Data warehousing, Data mining and BI

Data warehouse, data mining and BI (Business Intelligence) are technologies which are used to make the stored data helpful for decision making and they are explained about.

Data Warehouse

A data warehouse is a relational database that is designed for query and analysis rather than for transaction processing. It usually contains historical data derived from transaction data, but it can include data from other sources. It separates analysis workload from transaction workload and enables an organization to consolidate data from several sources.

A data warehouse is a subject-oriented, integrated, time-variant and non-volatile collection of data in support of management’s decision making process.

Subject-Oriented – A data warehouse can be used to analyze a particular subject area. For example, “sales” can be a particular subject.

Integrated – A data warehouse integrates data from multiple data sources. For example, source A and source B may have different ways of identifying a product, but in a data warehouse, there will be only a single way of identifying a product.

Time-Variant – Historical data is kept in a data warehouse. For example, one can retrieve data from 3 months, 6 months, 12 months, or even older data from a data warehouse. This contrasts with a transactions system, where often only the most recent data is kept. For example, a transaction system may hold the most recent address of a customer, where a data warehouse can hold all addresses associated with a customer.

Non-volatile – Once data is in the data warehouse, it will not change. So, historical data in a data warehouse should never be altered.

ETL tools perform three functions to move data from one place to another:

  • Extract data from sources such as ERP or CRM applications;
  • Transform that data into a common format that fits with other data in the warehouse; and,
  • Load the data into the data warehouse for analysis.

Each step in the process has its challenges like during the extract step, data may come from different source systems (e.g. Oracle, SAP, Microsoft) and different file formats such as XML, flat files with delimiters (e.g. CSV), or the worst – old legacy systems that store data in arcane formats no one else uses anymore.

Data Mining

Generally, data mining (sometimes called data or knowledge discovery) is the process of analyzing data from different perspectives and summarizing it into useful information – information that can be used to increase revenue, cuts costs, or both. Data mining software is one of a number of analytical tools for analyzing data. It allows users to analyze data from many different dimensions or angles, categorize it, and summarize the relationships identified. Technically, data mining is the process of finding correlations or patterns among dozens of fields in large relational databases.

Data mining, the extraction of hidden predictive information from large databases, is a powerful new technology with great potential to help companies focus on the most important information in their data warehouses. Data mining tools predict future trends and behaviors, allowing businesses to make proactive, knowledge-driven decisions. The automated, prospective analyses offered by data mining move beyond the analyses of past events provided by retrospective tools typical of decision support systems. Data mining tools can answer business questions that traditionally were too time consuming to resolve. They scour databases for hidden patterns, finding predictive information that experts may miss because it lies outside their expectations.

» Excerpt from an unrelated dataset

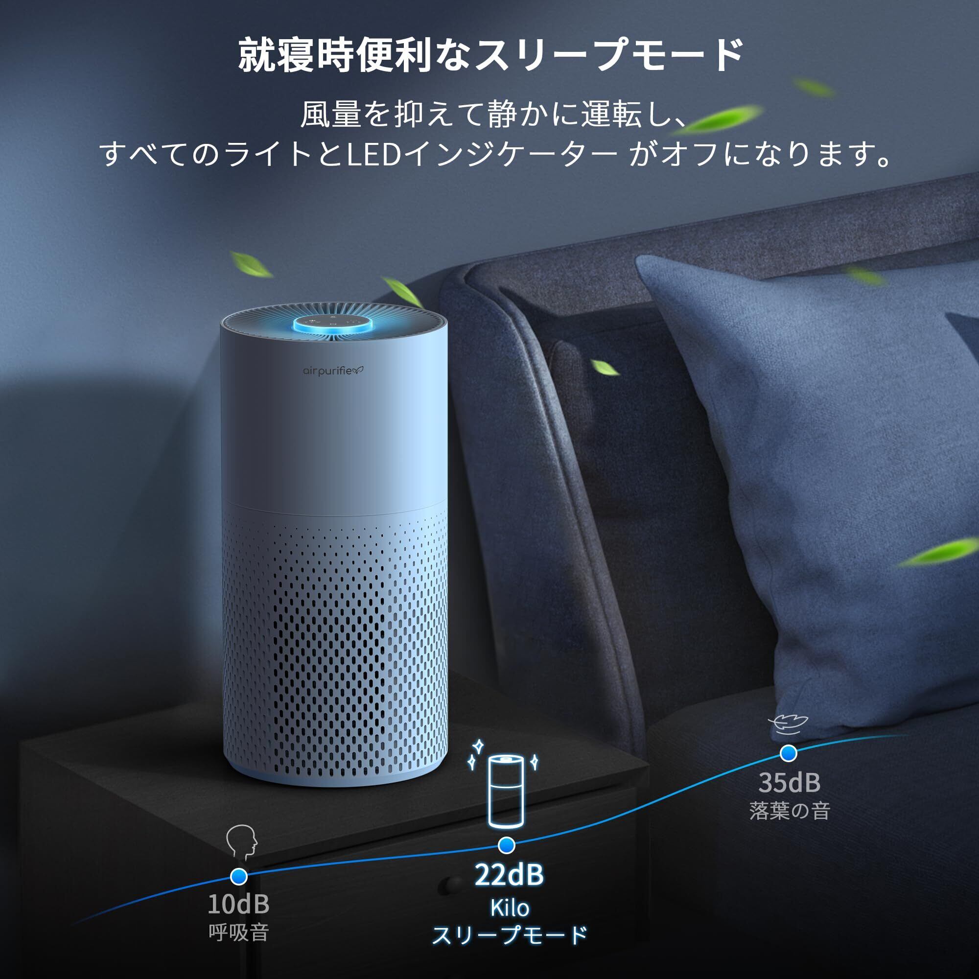【スリープモード・お手入れ簡単】就就寝時にスリープモードに切り替えると、すべてのライトとLEDインジケーター がオフになり、安眠を妨げません。更に、静音性に優れており、赤ちゃんやお年寄りがいる家庭にもおすすめ します。洗えるフィルターというものがありますが、洗ってしまうと目詰まりや繊維が変形し新品時の性能を持 続することが困難です。本製品はフィルター交換式で、丸ごと交換可能でお手入れも簡単です

Business Intelligence (BI)

Business Intelligence is collection of technologies and applications which combined together for

gathering, analyzing and storing data (or information) which can be fruitful for an organization, and helps the organization employees to make better, smart and profitable business decisions.

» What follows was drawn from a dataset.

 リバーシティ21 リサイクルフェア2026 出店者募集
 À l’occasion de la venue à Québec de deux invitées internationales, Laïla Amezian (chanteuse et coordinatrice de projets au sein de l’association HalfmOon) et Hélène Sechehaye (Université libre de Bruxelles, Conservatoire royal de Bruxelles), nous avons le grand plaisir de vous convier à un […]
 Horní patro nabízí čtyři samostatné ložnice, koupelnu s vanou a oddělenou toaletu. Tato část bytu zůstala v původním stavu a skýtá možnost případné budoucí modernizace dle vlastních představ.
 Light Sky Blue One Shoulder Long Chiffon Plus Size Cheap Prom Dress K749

Various components of business intelligence configuration are

  • Source systems which gather the information that will be analyzed.
  • Information from the source systems are stored in their native databases or other data sources. Typically the database is configured for speed of processing.
  • Information from the data sources goes through a process known as ETL where the data is extracted from the source system, transformed (to meet business needs) and loaded into a data warehouse. Many different data sources can be consolidated.
  • Information from the data warehouse is made available to end-users in the form of data marts where the data is organized to answer specific types of business questions (e.g., sales data can be cross referenced by product, region, time, sales representative, etc…)
  • Finally, reporting and analytic tools are used to analyze the information in the data marts. This genre of reporting tools are known collectively as on-line analytical processing (OLAP for short.) There are a few different variations of OLAP tools: MOLAP or multi-dimensional OLAP and relational OLAP or ROLAP. Each has its advantages and disadvantages.